**Task brief**
Could you restate word for word the lines running from the one with "台風21号が猛威を奮う前夜に" to the end of the data, both ends included, but without pictures?

**Data section**
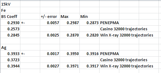 I've just run a quick comparison of the BS coefficient calculated using Win X-ray, casino and penepma for Ag and Fe metal (initially to check upbound fraction in penepma-res.dat was the bs coefficient-but then the results where interesting.)
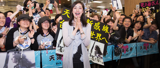 台風21号が猛威を奮う前夜に、日本に到着したユアン。この日、時間通りにイベントはスタート。まずは、森の中をイメージしたステージに、ユアンが登場! 木の幹にある穴から現れるのは、劇中のようです。
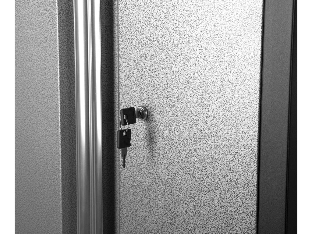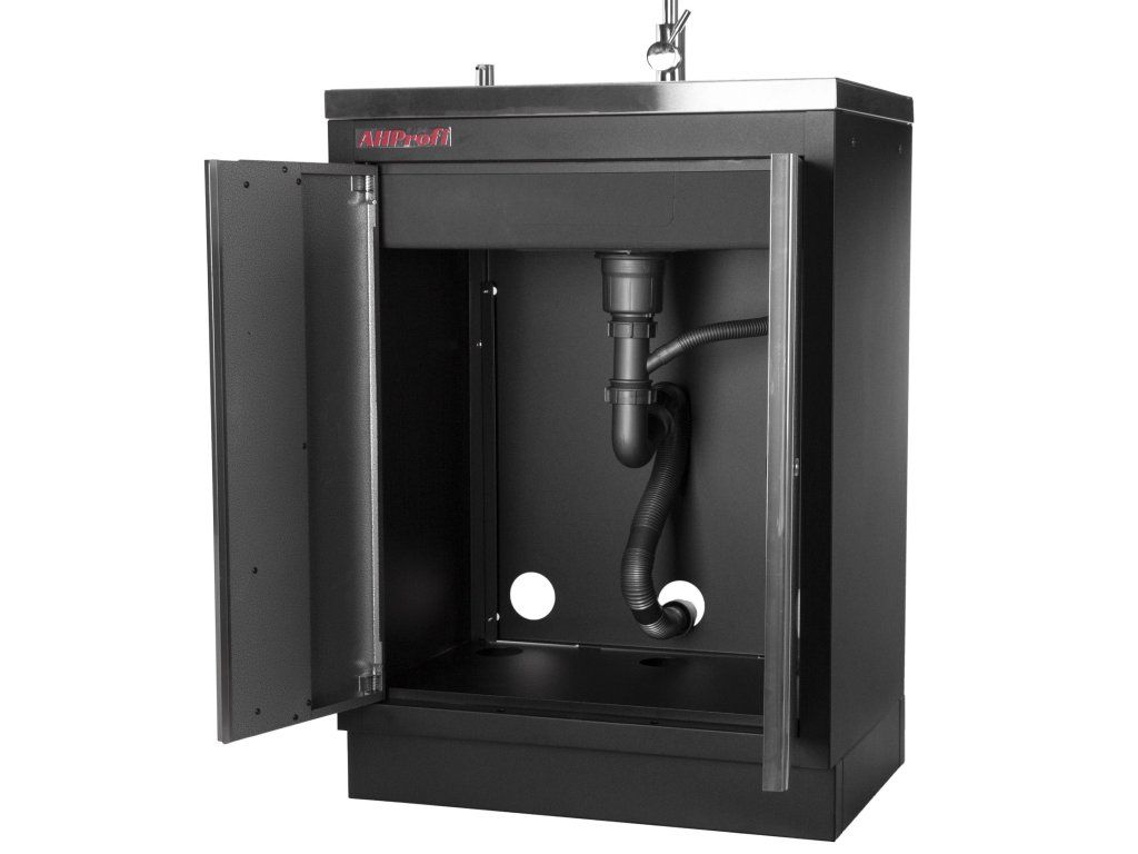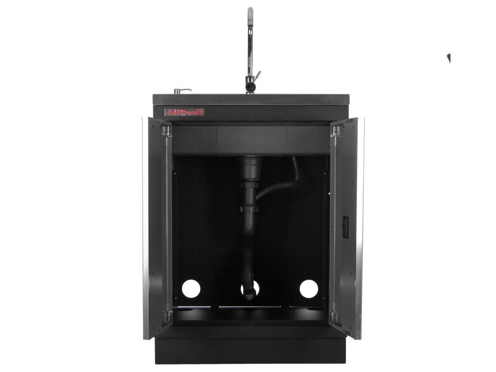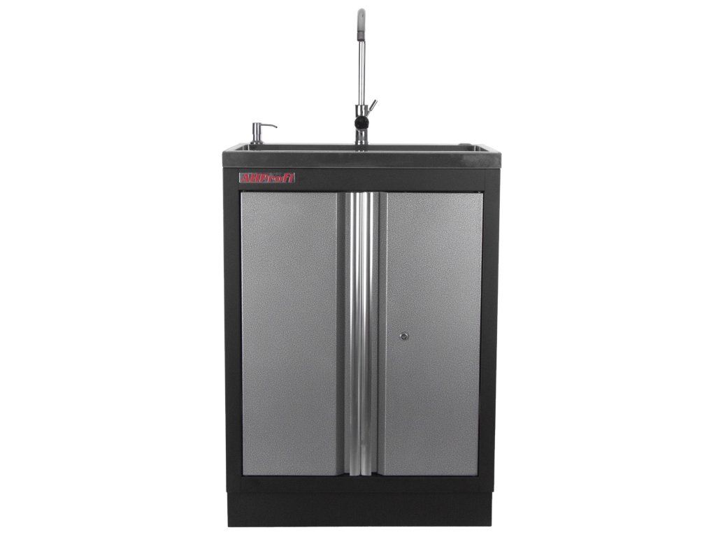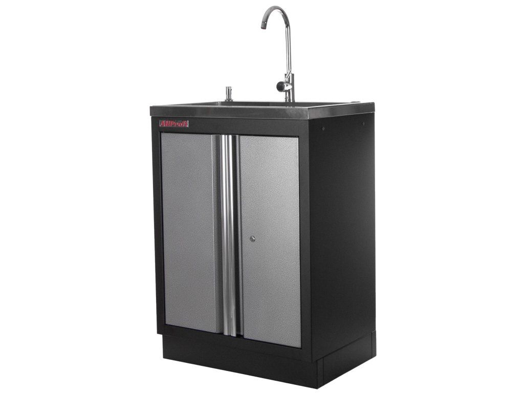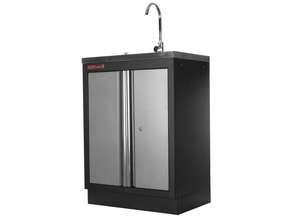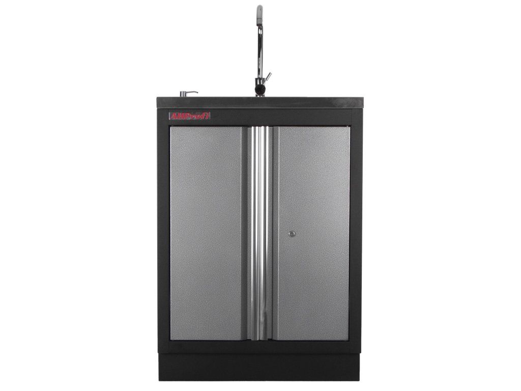 Celokovová PROFI dílenská dvoukřídlá skříňka s vestavěným nerezovým dřezem a baterií.

**Written answer**
 台風21号が猛威を奮う前夜に、日本に到着したユアン。この日、時間通りにイベントはスタート。まずは、森の中をイメージしたステージに、ユアンが登場! 木の幹にある穴から現れるのは、劇中のようです。
 Celokovová PROFI dílenská dvoukřídlá skříňka s vestavěným nerezovým dřezem a baterií.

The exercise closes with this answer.